- **DATA SEGMENT**:
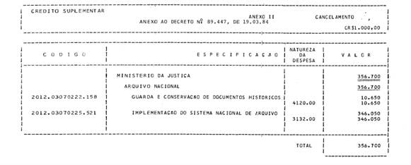 | Revogado pelo Decreto de 15 de fevereiro de 1992 | Abre ao Ministério da Justiça, em favor do Arquivo Nacional, o crédito suplementar no valor de Cr$ 356.700.000,00, para reforço de dotações consignadas no vigente Orçamento. |
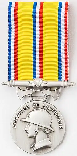 • La médaille avec rosette pour services exceptionnels, instaurée par décret du , qui honore les sapeurs-pompiers s'étant particulièrement distingués dans le cadre de leurs missions.
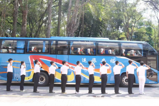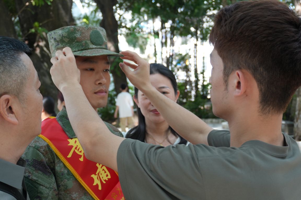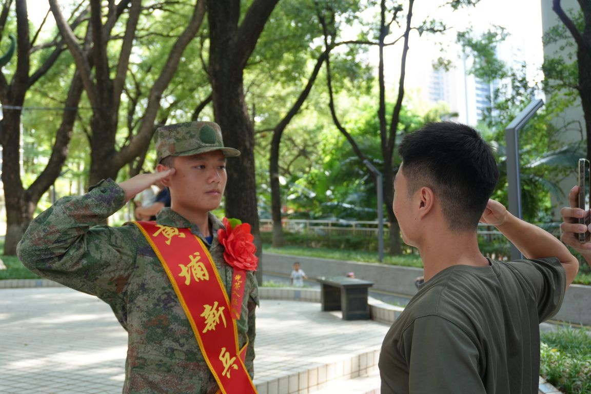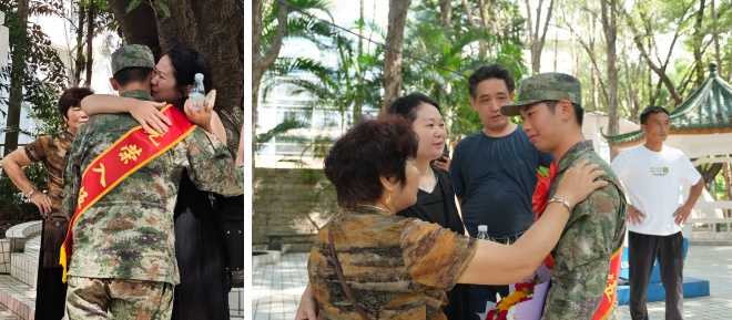 座谈会结束后,送别场面格外动人。望着即将奔赴军营的孩子,家人忍不住落下不舍的泪水,轻轻拥抱鼓励;亦有兄弟相约前来送行,两人相对而立,互敬军礼,无声中传递着深厚的手足情谊与家国担当。更令人动容的是,广航学子们整齐列队,与退役老兵一同肃立,向载着新兵的大巴车庄严敬礼。他们目光坚定,以最真挚的敬意为同窗壮行,目送车辆缓缓驶向远方。

- **EXERCISE**: Please write out exactly the lines from the one holding "de leurs missions." through the last line of the material above, both included, as a copy without pictures.

- **SOLUTION TO THIS PROBLEM**:
 • La médaille avec rosette pour services exceptionnels, instaurée par décret du , qui honore les sapeurs-pompiers s'étant particulièrement distingués dans le cadre de leurs missions.
 座谈会结束后,送别场面格外动人。望着即将奔赴军营的孩子,家人忍不住落下不舍的泪水,轻轻拥抱鼓励;亦有兄弟相约前来送行,两人相对而立,互敬军礼,无声中传递着深厚的手足情谊与家国担当。更令人动容的是,广航学子们整齐列队,与退役老兵一同肃立,向载着新兵的大巴车庄严敬礼。他们目光坚定,以最真挚的敬意为同窗壮行,目送车辆缓缓驶向远方。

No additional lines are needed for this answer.